This side tooth cutter 130 includes a cutter holder 131 in which a coupling portion 132 coupled to the output power shaft 120 is formed at the center and a plurality of cutter fingers 134 are formed around the outer periphery, and cutter fingers ( 134) and includes an insert tip 140 that substantially processes the teeth of the gear bodies 30a and 30b.

The cutter fingers 134 are arranged radially at equal intervals around the coupling portion 132. In the case of this embodiment, six cutter fingers 134 are applied, but the scope of the present invention is not limited to the number. A key groove 133 for key coupling is formed in the coupling portion 132.

The insert tip 140 includes a tip portion 141 that is more rounded outward than the end of the cutter finger 134 and processes the teeth of the gear bodies 30a and 30b. The tip blade portion 141 may be made of diamond material with excellent hardness. In this embodiment, the tip blade portion 141 is manufactured in a gear tooth shape so that the gear tooth shape can be processed.

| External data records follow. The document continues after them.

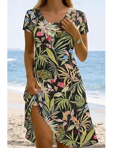 Mujer Mini vestido Vestido de verano Vestido estilo camiseta Vestido de una línea Vacaciones Casual Exterior Playa Noche Ajuste regular Floral Graphic Tropical Manga Corta Cuello redondo blanco azul
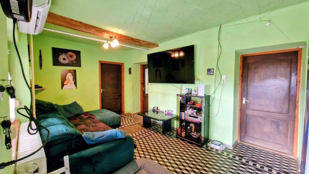 Das Grundstück ist komplett teil eingezäunt, es gibt mehrere Obstbäume. Dieser Bauernhof besteht aus einem Wohnhaus, 1 Nebengebäude mit Garage und 1 Kleintierstallung und 1 Pferdestallung. Wohnhaus ca.83 m²: Das Haus ca. 60 Jahre alt Bauernhaus ist renoviert und auf die heutigen Bedürfnisse umgebaut. Das Wohnhaus wurde mit Lehm und Ziegel gebaut. Die Ziegelwände hat 5 cm dick Wärmedämmung. Eingangsbereich - Essbereich, Küche, 3 Schlafzimmer, 1 Bad, Heizraum, Keller, 1 überdachte Terrasse. Nebengebäude hat 2 Garage, 1 Sommerküche, Speisekammer. Auf dem Grundstück befindet sich noch 1 Kleintierstallung und 1 Pferdestallung. Holzzentralheizung mit Heizkörpern – 2 Kamine, 1 Klimaanlage (5,3Kw). Staatliche Stromversorgung (220V / 16Amper), Abwasser – Sickergrube. Das Grundstück verfügt über 2 Brunnen und 1
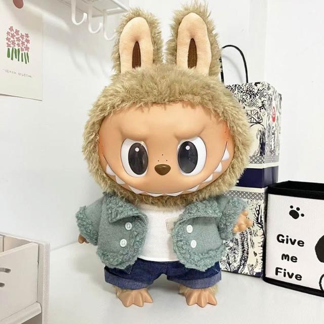 四季風精選好物 38cm拉布布搪膠毛絨娃娃衣服Labubu公仔MOKOKO甜心粉愛心挎包裙萌
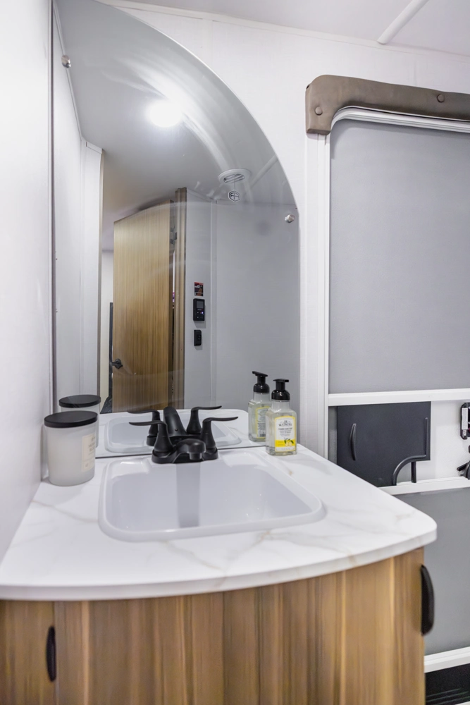 The 263BHXL is perfect for family travels. The rear features two oversized bunks for the kids, with plenty of space to stretch out. The grown-ups will sleep soundly in the front queen bedroom, which includes hanging closets and under-bed Stow N Go Storage. The living area includes panoramic windows and the Versa-Lounge. The kitchen provides a 11 CU. FT. refrigerator and TONS of storage.
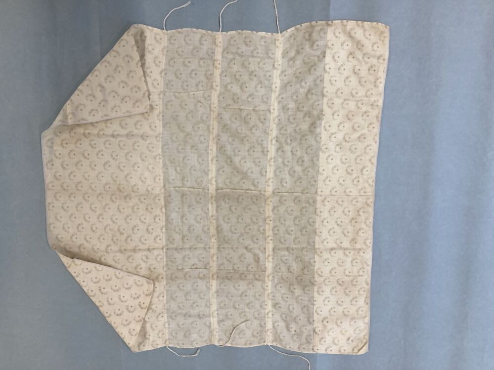 Pakdoek van bedrukte katoen, lichtgeel fond met beige halfronde bloemkransjes om een ruitje
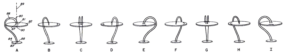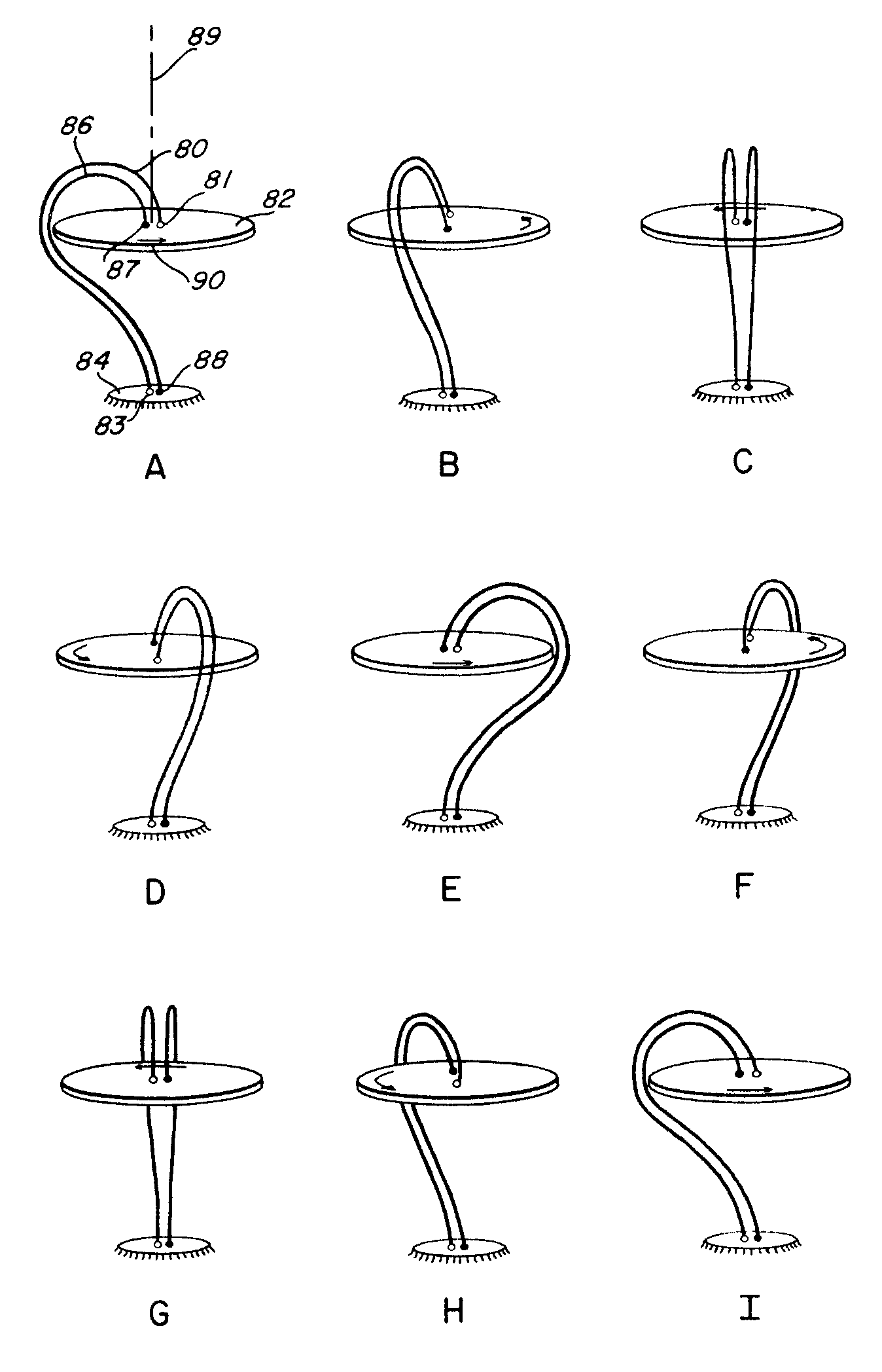 FIGS. 3A – 3I are schematic diagrams of a rotating platform showing successive positions of electrical conductors connected thereto useful for explaining the concept of the present invention.
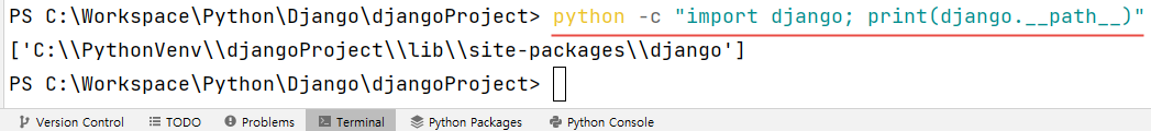 장고 가상환경 설정 디렉토리 하단에 설치된 것을 확인할 수 있다.
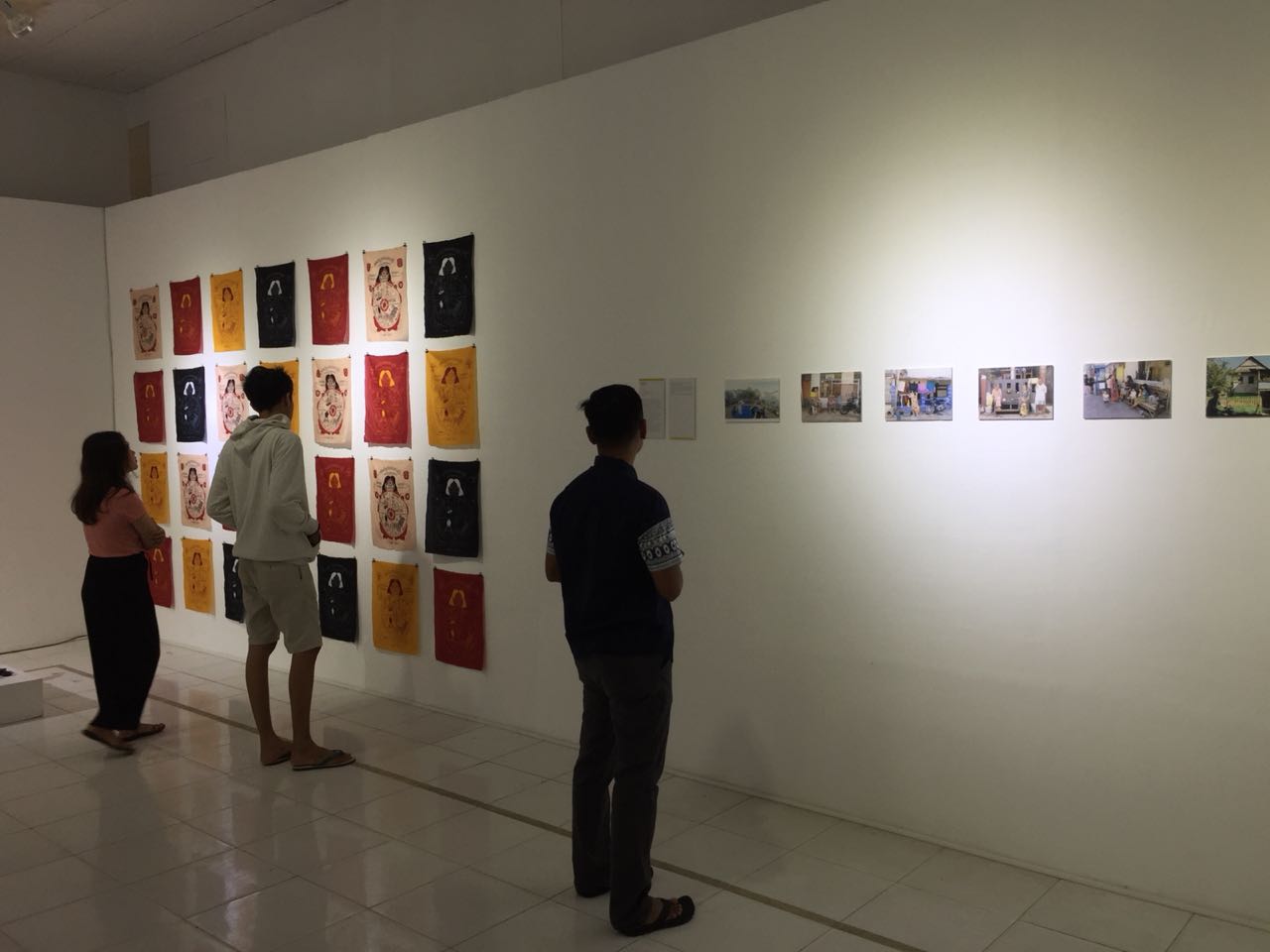 Di meja pamer itu juga terdapat sebuah telepon pintar yang terhubung pada sebuah earphone dan memutarkan komposisi bunyi aktvitas manggaro (petani mengusir burung) yang sangat musikal.

And, this insert tip 140 is removably coupled to the end area of the cutter finger 134 using a screw 143. In this way, when the insert tip 140 is installed and used at the end area of the plurality of cutter fingers 134, only the damaged or worn insert tip 140 needs to be replaced and used, thus reducing the cost associated with replacing the entire cutter as before. The occurrence of loss can be eliminated.

Additionally, since the insert tip 140 can be easily replaced, replacement time can be significantly reduced, thereby contributing to improved productivity.

Meanwhile, in addition to the configuration described above, the gear tooth processing device 100 according to the present embodiment includes means for fixing the origin of the arbor 110 or the side tooth cutter 130 according to tooth processing, that is, an origin fixing plate 171, The configuration and structure of the origin fixing housing 172 and the latch unit 173 are further provided. That is, when mounting the gear tooth shape processing device 100 on the spindle head 10 while aligning the origin through initial setting, the origin must not be disturbed. For this purpose, the gear tooth shape processing apparatus 100 according to the present embodiment is equipped with the configuration and structure of the origin fixing plate 171, the origin fixing housing 172, and the latch unit 173.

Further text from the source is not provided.